** Opening EXERCISE MATERIAL block **

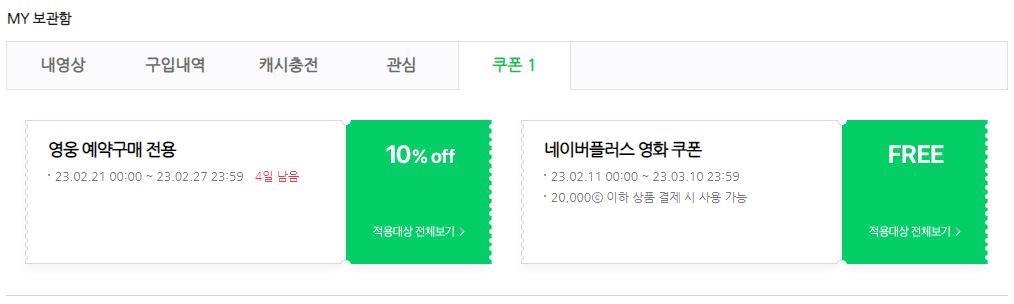 최신 영화 할인은 쿠폰(2만원권)의 형태로 지급된다.
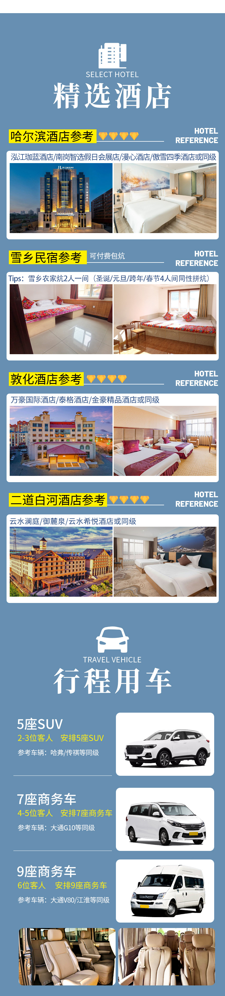 3、用车:2-3客人用5座SUV,4-5客人用7座商务车,6客人用9座商务车,7-8客人用大九座商务车,保证旅途舒适舒心。(小团副驾驶及前后座位置需要轮流乘坐,望悉知)
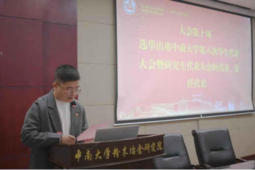 接着,学生会会主席齐杰琪和研究生会主席梁晴分别以“新机遇中求真务实,新学年里开拓创新”和“把握时代脉搏,奏响研会新乐章”为主题分别做工作报告,对这一年度学生会、研究生会取得的成果进行了总结,并就未来工作的开展方向做出汇报。两项报告经与会代表表决,均全票通过。
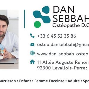 Dan SEBBAH, ostéopathe D.O., vous reçoit dans son cabinet à Levallois-Perret pour des consultations adaptées aux adultes, nourrissons, enfants, sportifs, seniors, femmes enceintes et jeunes mamans en post-partum. Des consultations à domicile sont également possibles.
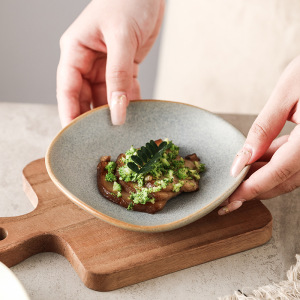 日式粗陶瓷碟点心碟异形甜品火锅调味碟复古菜碟子创意小吃碟餐具
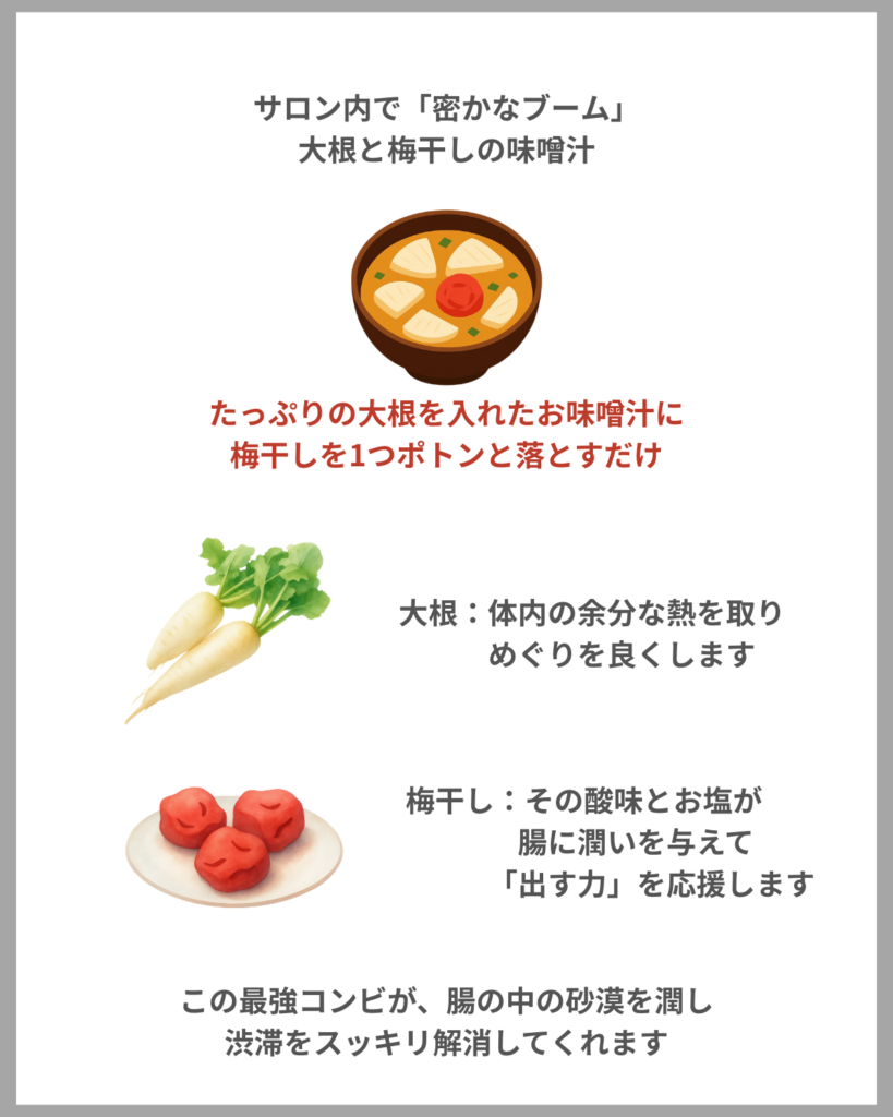 ② 食:サロン秘伝!「梅干し大根」のお味噌汁

** Closing EXERCISE MATERIAL block **

:: WHAT THE TASK REQUIRES ::
The response should consist of the entries above, given again exactly and free of pictures.

:: RESULT OF THIS TASK ::
 최신 영화 할인은 쿠폰(2만원권)의 형태로 지급된다.
 3、用车:2-3客人用5座SUV,4-5客人用7座商务车,6客人用9座商务车,7-8客人用大九座商务车,保证旅途舒适舒心。(小团副驾驶及前后座位置需要轮流乘坐,望悉知)
 接着,学生会会主席齐杰琪和研究生会主席梁晴分别以“新机遇中求真务实,新学年里开拓创新”和“把握时代脉搏,奏响研会新乐章”为主题分别做工作报告,对这一年度学生会、研究生会取得的成果进行了总结,并就未来工作的开展方向做出汇报。两项报告经与会代表表决,均全票通过。
 Dan SEBBAH, ostéopathe D.O., vous reçoit dans son cabinet à Levallois-Perret pour des consultations adaptées aux adultes, nourrissons, enfants, sportifs, seniors, femmes enceintes et jeunes mamans en post-partum. Des consultations à domicile sont également possibles.
 日式粗陶瓷碟点心碟异形甜品火锅调味碟复古菜碟子创意小吃碟餐具
 ② 食:サロン秘伝!「梅干し大根」のお味噌汁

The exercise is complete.